Perché, in tutti i suoi seicentoventotto anni di vita, aveva sempre e solo dovuto sopravvivere. Lottare, combattere e resistere. Per poter camminare ancora, per poter anche solo parlare.
Quindi non aveva avuto il tempo per abbandonarsi al miglioramento della propria persona e delle relazioni con gli umani, umani che fino a qualche secolo fa erano molto più furbi dei giorni attuali.
Sapevano riconoscere un mostro a chilometri di distanza.

Eppure era fondamentalmente buona, percui la sua esistenza era cambiata per il meglio nell'ultimo secolo. Anche perché la gente era meno credulona e perché aveva trovato uno scopo nella vita, un compromesso piuttosto intrigante: proteggere quegli umani che l'avrebbero scannata se solo avessero visto i suoi denti rilucenti mordere qualcuno.
Ma andava bene anche così.
Lei e i suoi “colleghi” fermavano criminali pluriricercati e gente della loro stessa specie, in cambio di questi servigi di giustizia, potevano favorire del loro sangue.
O meglio, lei sola poteva usufruire del loro sangue. Gli altri suoi compagni non ne avevano bisogno, fatta eccezione per un certo pulcioso di sua conoscenza che aveva più che altro necessità di carne... lui e le sue storie sulla caccia, sulle prede...

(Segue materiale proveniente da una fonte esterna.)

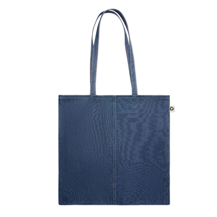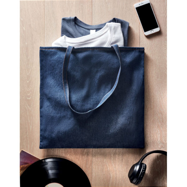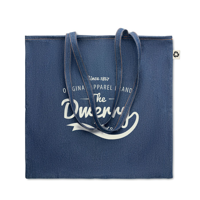 Διαφημιστική Tσάντα από 50% ανακυκλωμένο (βαμβακερό) ύφασμα τζην και 50% κανονικό βαμβάκι 250 gr/m² με εκτύπωση ή θερμομεταφορά ή και ψηφιακή θερμομεταφορά των στοιχείων της επιχείρησής σας. Λεπτές λαβές. Ιδανική για καθημερινή χρήση.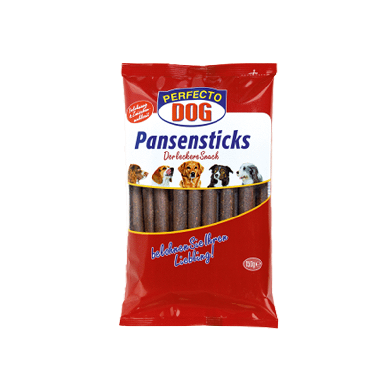 Supplementary feed for adult dogs. Your dog will love the small snack in stick form with rumen! The Perfecto rumen sticks are great as a small snack or as a reward while training and playing.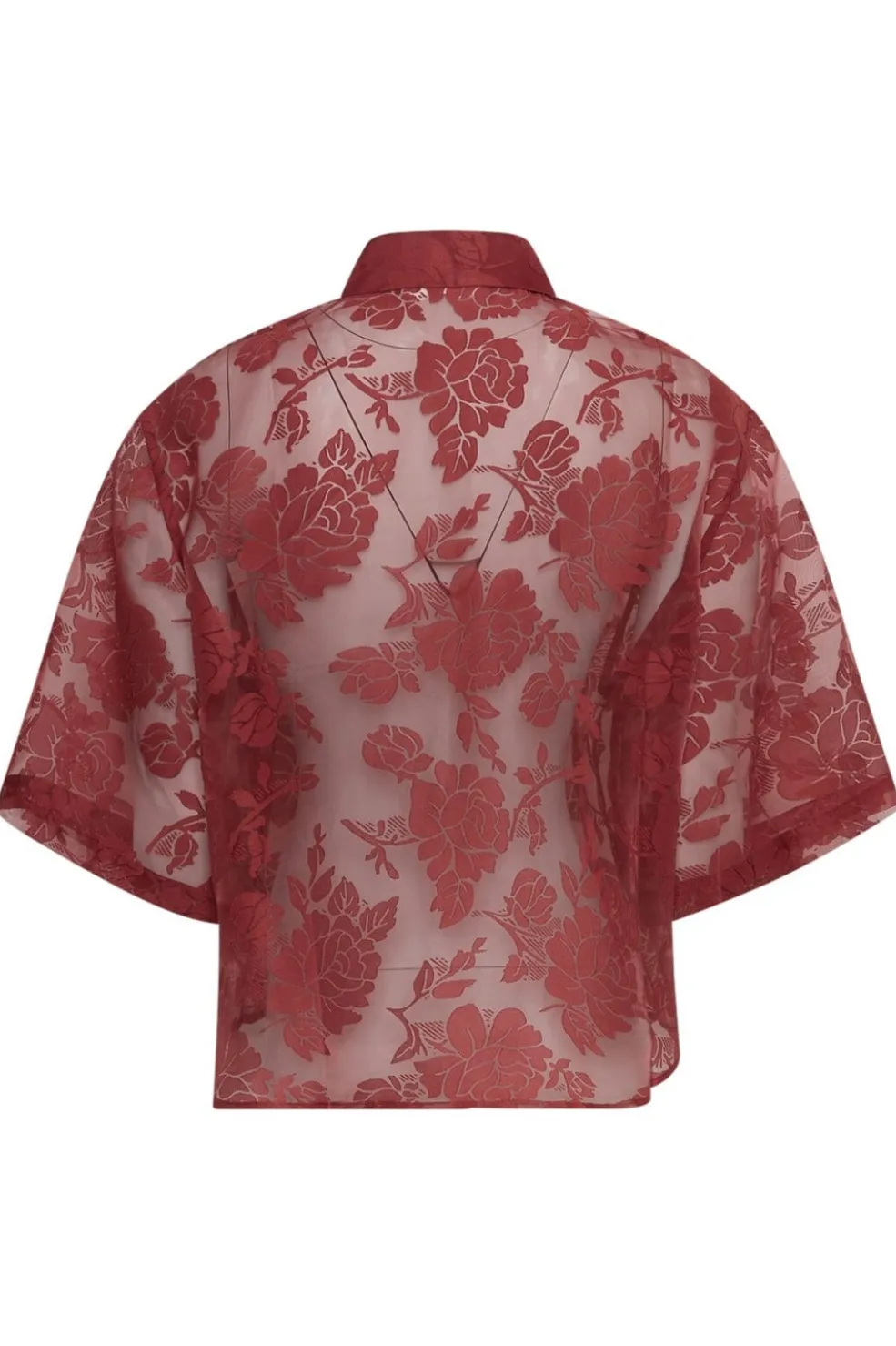 En skjorte fra MSCH Copenhagen i bordeaux nuance med floralt mønster. Lavet af 100 % polyester med broderede detaljer og en løs pasform.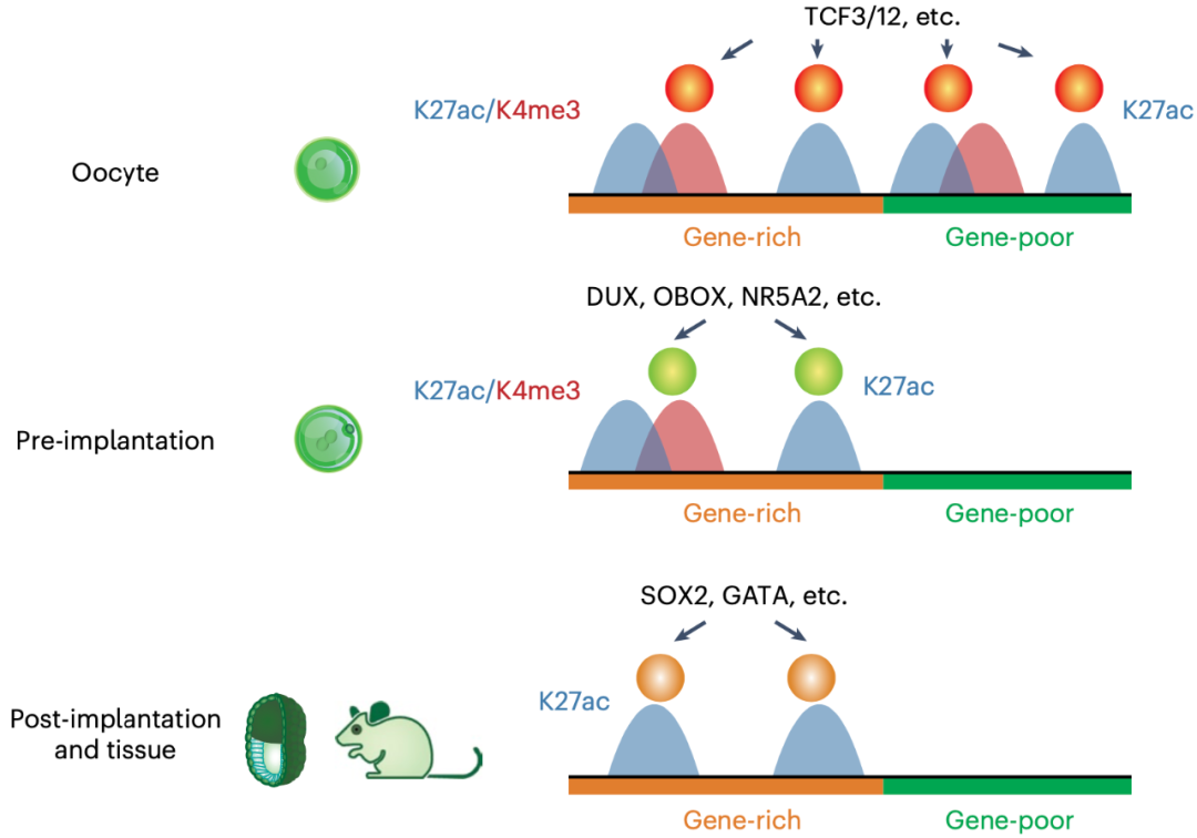 该研究验证了小鼠卵子中活跃增强子的存在,揭示了卵子和早期胚胎发育过程中增强子不同于成体细胞和组织的独特属性,并鉴定了参与调控卵子发生过程中增强子的关键转录因子—TCF3和TCF12。

Palle. Bastava sopravvivere, anche se non lo si faceva con stile.

Sollevò leggermente il viso, puntandolo verso il cielo notturno, macchiato da tante stelle e alle narici le giunse un odore di umido e allo stesso tempo di foresta che avrebbe riconosciuto tra mille.

Kain.

Il licantropo esiliato dal branco, colui che detestava gli umani sopra ogni altra cosa. E che pure li aiutava.
Ma lo faceva per lei.
E di questo ne era grata, anche se la interrompeva nella sua tranquilla serata da umana.

Aumentò il passo, arrivando praticamente a volare talmente erano brevi le pause da un salto all'altro, e giunse seguendo l'odore presso un capannone abbandonato nelle vicinanze della zona portuale. L'odore di pesce, di salsedine, che spesso nel centro della città era coperto dal gas delle macchine, le pervenne alle narici più forte ma non abbastanza da coprire quello di Kain, indelebile nella sua mente.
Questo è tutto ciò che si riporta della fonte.